### Information shown
┌──

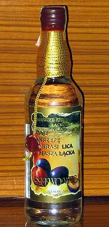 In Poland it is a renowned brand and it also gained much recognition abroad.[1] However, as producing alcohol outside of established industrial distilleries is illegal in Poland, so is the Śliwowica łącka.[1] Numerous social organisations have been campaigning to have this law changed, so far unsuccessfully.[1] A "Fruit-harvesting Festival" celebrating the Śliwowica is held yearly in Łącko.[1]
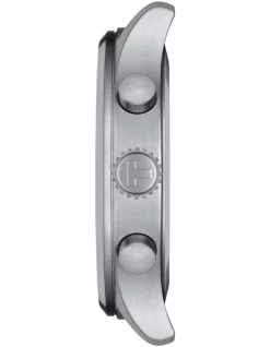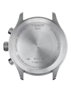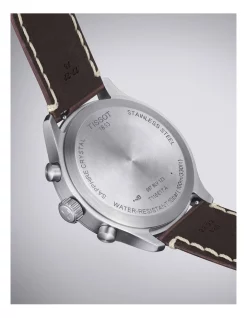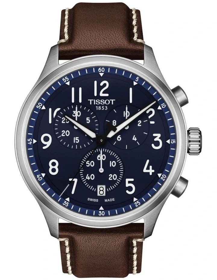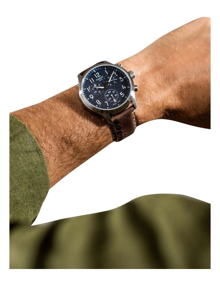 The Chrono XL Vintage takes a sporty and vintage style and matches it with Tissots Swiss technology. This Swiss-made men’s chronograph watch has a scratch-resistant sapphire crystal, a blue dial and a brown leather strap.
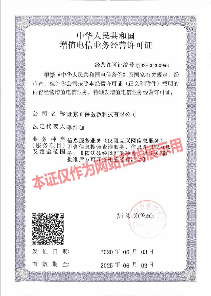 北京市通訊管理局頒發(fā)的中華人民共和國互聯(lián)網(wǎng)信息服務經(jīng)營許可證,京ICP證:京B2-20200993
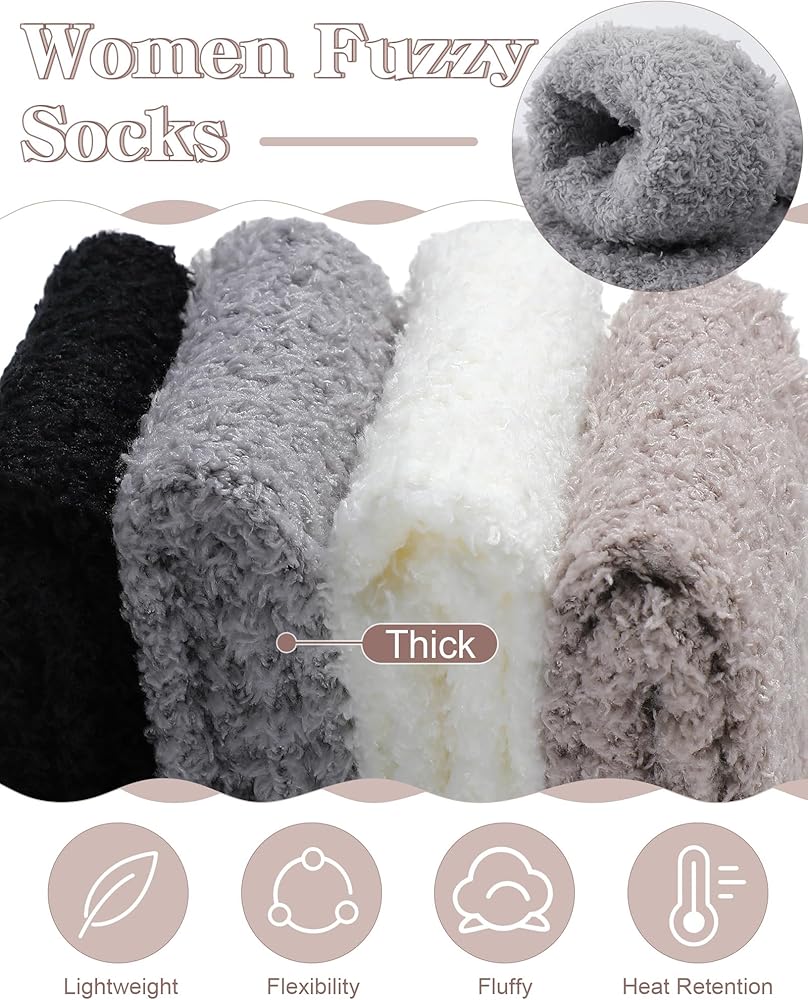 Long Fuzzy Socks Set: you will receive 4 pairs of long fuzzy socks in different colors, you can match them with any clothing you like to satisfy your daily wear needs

└──

### Description of the task
Pictures are to be omitted from the copy. Reproduce exactly, and only, the lines from the one containing "The Chrono XL" to the end of the listing above.

### Output of the task
 The Chrono XL Vintage takes a sporty and vintage style and matches it with Tissots Swiss technology. This Swiss-made men’s chronograph watch has a scratch-resistant sapphire crystal, a blue dial and a brown leather strap.
 北京市通訊管理局頒發(fā)的中華人民共和國互聯(lián)網(wǎng)信息服務經(jīng)營許可證,京ICP證:京B2-20200993
 Long Fuzzy Socks Set: you will receive 4 pairs of long fuzzy socks in different colors, you can match them with any clothing you like to satisfy your daily wear needs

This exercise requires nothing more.